■ Exercise prompt:
Retype all the entries word for word, but omit the pictures.

####

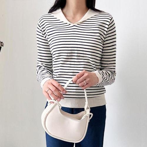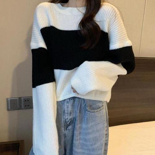 [에이치플러스몰]니트 롱니트 라운드 여자니트티 대학생 티 브이넥 봄
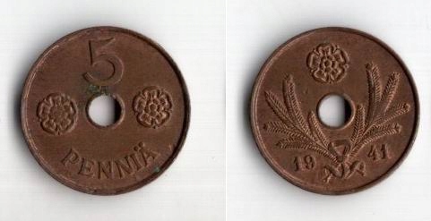 ФИНЛЯНДИЯ 5 ПЕННИЙ 1941 ГОДА
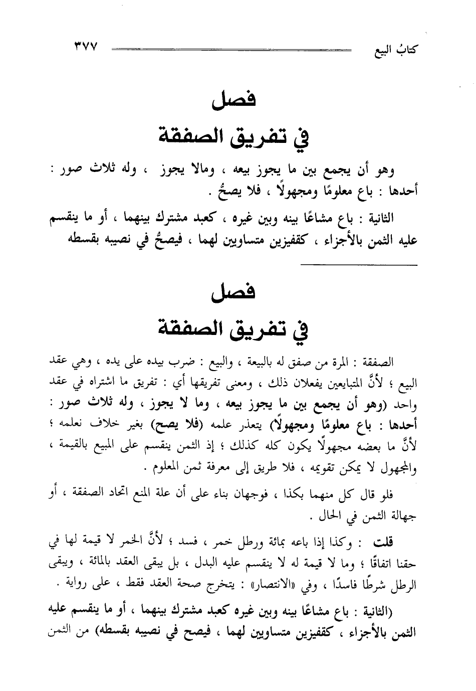 "الثانية: باع مشاعا بينه وبين غيره كعبد مشترك بينهما أو ما ينقسم عليه الثمن بالأجزاء كقفيزين متساويين لهما فيصح في نصيبه بقسطه" من الثمن
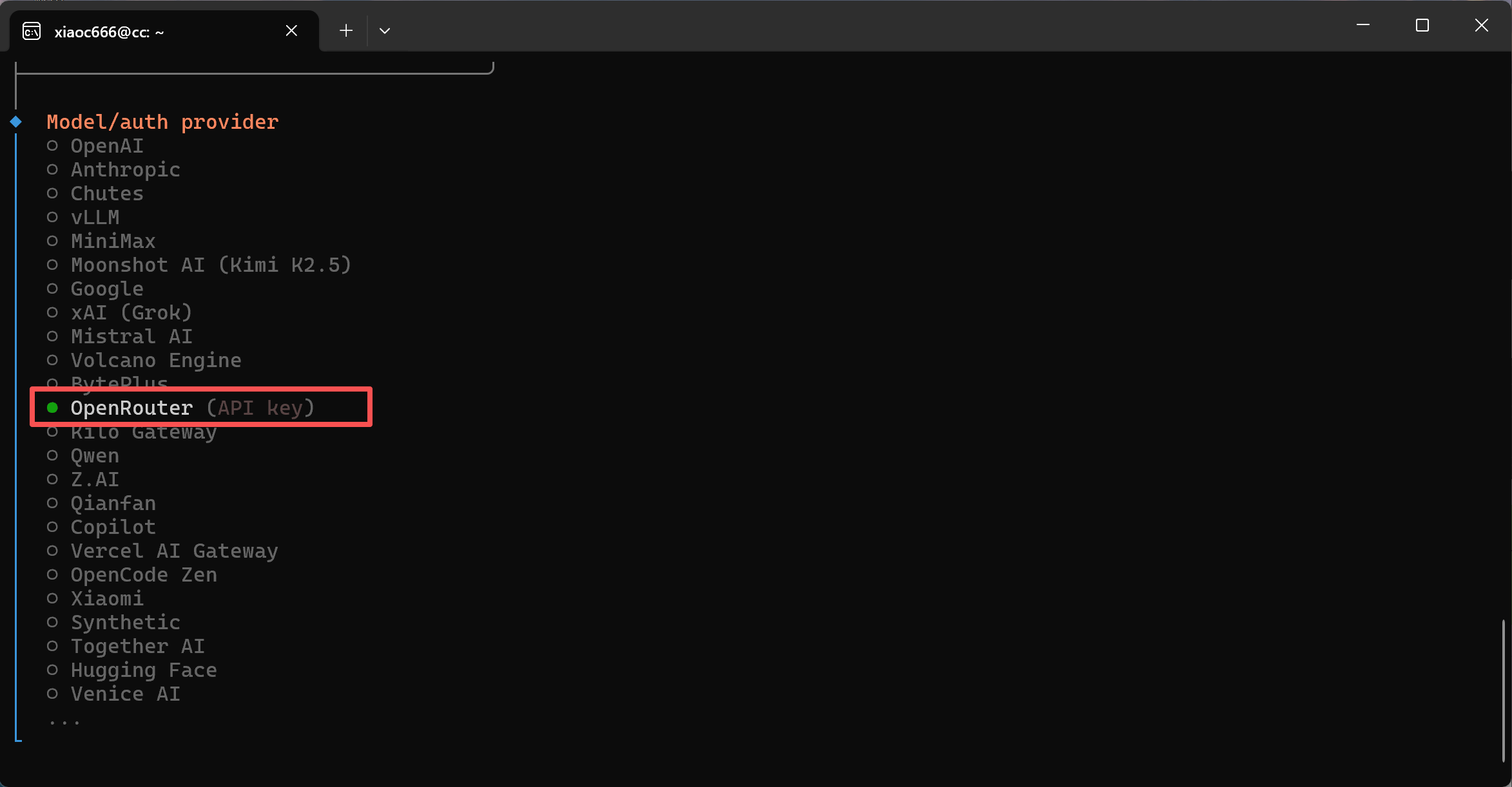 3. Wybierz dostawcę modelu: OpenRouter
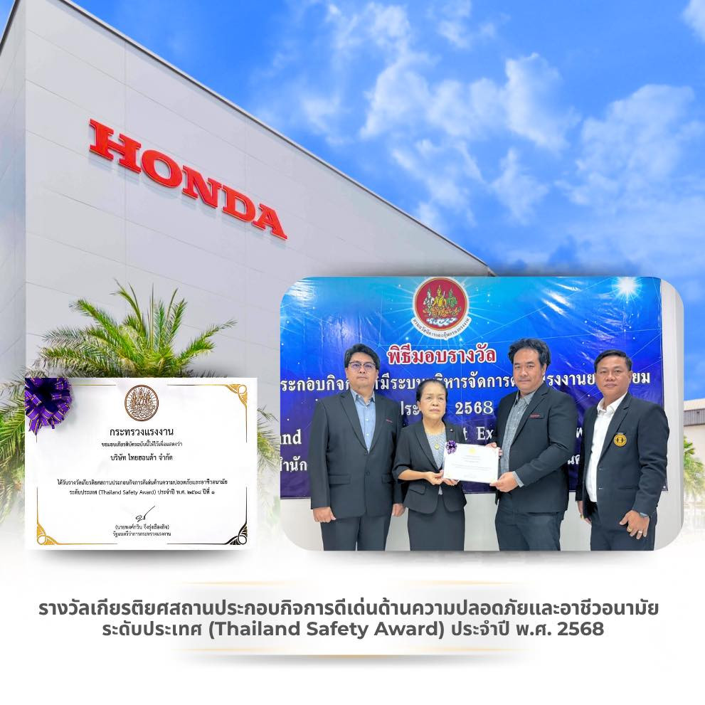 บริษัท ไทยฮอนด้า จำกัด คว้าสองรางวัลเกียรติยศระดับประเทศ โดยได้รับ “รางวัลเกียรติบัตรสถานประกอบกิจการดีเด่นด้านความปลอดภัยและอาชีวอนามัย ระดับประเทศ (Thailand Safety Award) ประจำปี 2568” อันเป็นผลจากการดำเนินงานอย่างต่อเนื่องด้านมาตรฐานความปลอดภัยในสถานประกอบการ อีกทั้งยังได้รับ “รางวัลสถานประกอบกิจการดีเด่นด้านแรงงานสัมพันธ์และสวัสดิการแรงงาน ประจำปี 2568” ตอกย้ำมาตรฐานความปลอดภัยและแรงงานสัมพันธ์ที่ยั่งยืน
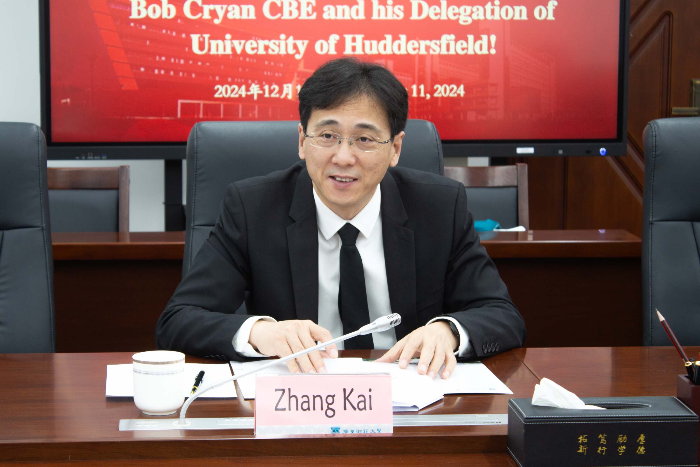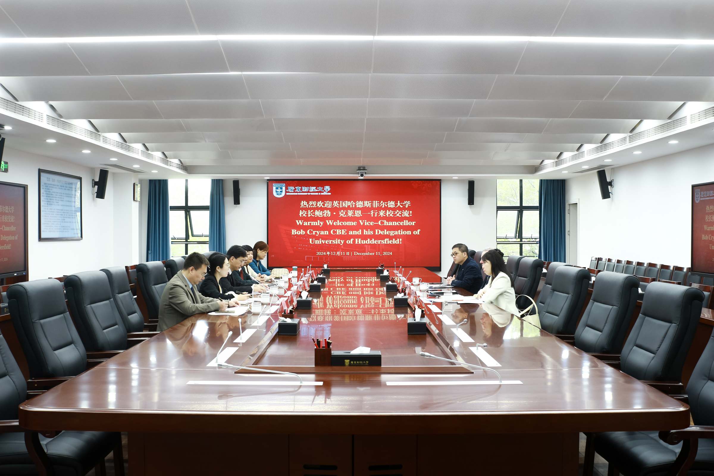 张凯对Bob Cryan一行的来访表示热烈欢迎,介绍了我校的发展历程、办学特色等情况,回顾了两校的合作历史和人才培养成效。Bob Cryan介绍了哈德斯菲尔德大学的办学情况和发展愿景,并表示愿与我校加强紧密合作,助力中英教育高质量发展。随后,与会人员就两校间开展3+1本硕连读、学生交流交换、教师互访、联合科研等项目进行了深入交流。
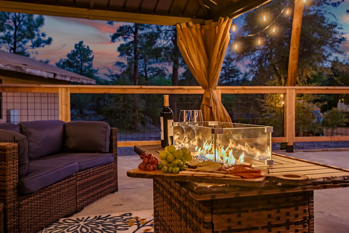 Cabaña 🌄 de lujo con spa, sauna, piscina y 5 acres | Vistas Relájate, recarga energías y escapa a esta cabaña MTN bellamente renovada a solo 20 minutos del centro de Prescott. Ubicado en el punto más alto del vecindario en 5 acres privados, es el lugar perfecto para desconectarse y conectarse con la naturaleza sin sacrificar la comodidad Te encantarán las vistas panorámicas a la montaña, el jacuzzi, la sauna y la piscina de temporada. Ya sea que estés aquí para una escapada romántica, un retiro tranquilo en solitario o una pequeña aventura familiar, esta cabaña lo ofrece todo.

####

■ Task result:
 [에이치플러스몰]니트 롱니트 라운드 여자니트티 대학생 티 브이넥 봄
 ФИНЛЯНДИЯ 5 ПЕННИЙ 1941 ГОДА
 "الثانية: باع مشاعا بينه وبين غيره كعبد مشترك بينهما أو ما ينقسم عليه الثمن بالأجزاء كقفيزين متساويين لهما فيصح في نصيبه بقسطه" من الثمن
 3. Wybierz dostawcę modelu: OpenRouter
 บริษัท ไทยฮอนด้า จำกัด คว้าสองรางวัลเกียรติยศระดับประเทศ โดยได้รับ “รางวัลเกียรติบัตรสถานประกอบกิจการดีเด่นด้านความปลอดภัยและอาชีวอนามัย ระดับประเทศ (Thailand Safety Award) ประจำปี 2568” อันเป็นผลจากการดำเนินงานอย่างต่อเนื่องด้านมาตรฐานความปลอดภัยในสถานประกอบการ อีกทั้งยังได้รับ “รางวัลสถานประกอบกิจการดีเด่นด้านแรงงานสัมพันธ์และสวัสดิการแรงงาน ประจำปี 2568” ตอกย้ำมาตรฐานความปลอดภัยและแรงงานสัมพันธ์ที่ยั่งยืน
 张凯对Bob Cryan一行的来访表示热烈欢迎,介绍了我校的发展历程、办学特色等情况,回顾了两校的合作历史和人才培养成效。Bob Cryan介绍了哈德斯菲尔德大学的办学情况和发展愿景,并表示愿与我校加强紧密合作,助力中英教育高质量发展。随后,与会人员就两校间开展3+1本硕连读、学生交流交换、教师互访、联合科研等项目进行了深入交流。
 Cabaña 🌄 de lujo con spa, sauna, piscina y 5 acres | Vistas Relájate, recarga energías y escapa a esta cabaña MTN bellamente renovada a solo 20 minutos del centro de Prescott. Ubicado en el punto más alto del vecindario en 5 acres privados, es el lugar perfecto para desconectarse y conectarse con la naturaleza sin sacrificar la comodidad Te encantarán las vistas panorámicas a la montaña, el jacuzzi, la sauna y la piscina de temporada. Ya sea que estés aquí para una escapada romántica, un retiro tranquilo en solitario o una pequeña aventura familiar, esta cabaña lo ofrece todo.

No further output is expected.